- Darżewo Location within Poland
- Coordinates: 54°0′45″N 15°21′7″E﻿ / ﻿54.01250°N 15.35194°E
- Country: Poland
- Voivodeship: West Pomeranian
- County: Gryfice
- Gmina: Brojce
- Population: 145

= Darżewo, Gryfice County =

Darżewo (Darsow) is a village in the administrative district of Gmina Brojce, within Gryfice County, West Pomeranian Voivodeship, in north-western Poland. It lies approximately 7 km north of Brojce, 15 km north-east of Gryfice, and 84 km north-east of the regional capital Szczecin.

As of 2013, the village had a population of 145.

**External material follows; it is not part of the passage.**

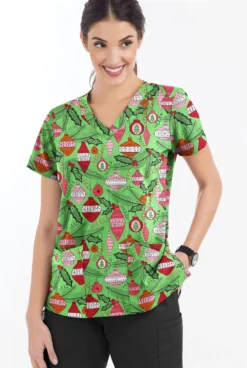 Butter-Soft Christmas Baubles Grass Green Women’s 4-Pocket Rounded V-Neck Print Scrub Top

The village was first mentioned as Darsowe around 1180, when Casimir I gave the village to the Danish Norbertines from Lund who came to Białoboki. In 1208, Dukes Bogislaw II and Casimir II, and in 1224, Pomeranian Duchess Anastasia, confirmed the granting of the village to the Norbertine monastery in Białoboki. The monastery in Bialoboki ruled Darżewo directly until 1487, when the village was given as a fief to Heinrich Borcke.

In 1910, the village had a population of 265. Darżewo, which belonged to the Gryfice district, was part of the Evangelical parish in Dargoslaw and the district of Molstowo.